Sunday, April 17, 2011

The Scarlet Letter

Difficulty Paper

     What I found difficult from reading The Scarlet Letter by Nathaniel Hawthorne, What I found most difficult was not having enough time personally to read it completely with out having to use spark notes. My last resort was to read spark notes to finish half of what I had actually read, I also found it difficult to follow the story, I loved when I started to read and I was intrigued by the exciting things that were about to happen to dear Pearl and her mother, Hester Prynne. I thought they might both be sentenced to death and be burned by the steak, but has I read on it was not what I had thought. This story was about love in every sense, about Hester’s affair and the child she had from this affair. I was expecting her to be not just a single mother of a fatherless child, but it was a child from her affair not her husband, who seemed to be stalking her, and plotting against her the whole time.

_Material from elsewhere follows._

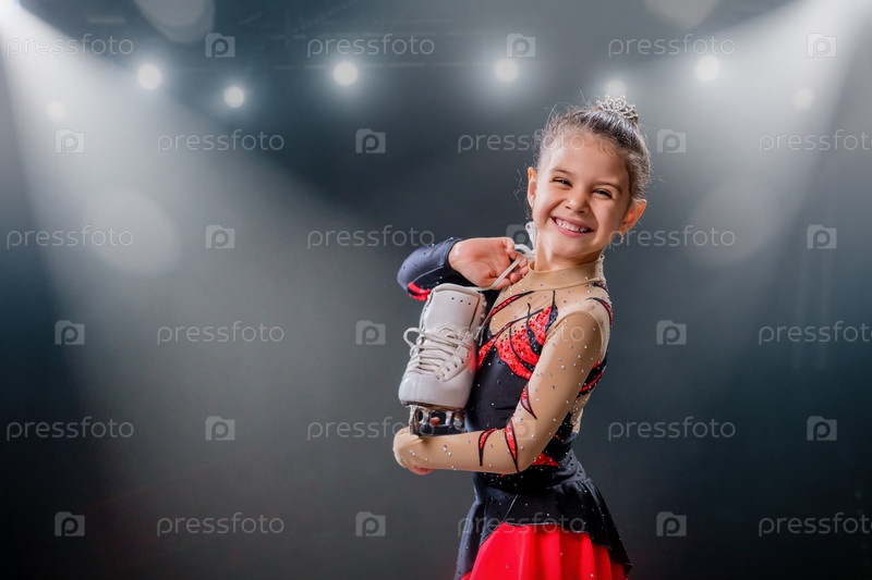 Портрет счастливой маленькой фигуристки с коньками в руках на ледовой арене, темный фон

     The story was about love, a mothers love for her child and a child’s love for her mother, but the love of a man who saw Prynne for who she was and not for what she had done, it took both of them to admit to their sin of having an affair and having a child as well. I wanted the first story to not end, I read other short stories from other views and almost got lost but then soon realized that it was parts to a story but more like a play, with wild and strange language of the sixteenth century setting up the rise and fall of the plot and the whole story.
      I can relate to Hester Prynne in many ways, feeling like an outcast from her community, seemingly trying to fit in but marked for life. This analysis of her character is what I would like to use as my research paper for class, I originally wanted to do the content of the story but re examined my options and choose Prynne due to our similarities in being a single mom and feeling like an outcast in our own communities. I will be looking forward to researching on single moms in my research paper, and comparing her life to theirs, I would also like to examine what makes signal mothers more likely to suffer from post traumatic stress after having a child.

1 comment:

  1. I'm glad you were able to connect with one of the central themes in the book--and I agree that this story is about love although this aspect is often overlooked by readers. Go back and reread the sections where Arthur and Hester speak to each other and pay close attention to the dialogue. It is a very moving account of forbidden love. Also, why do you think Pearl is characterized the way she is?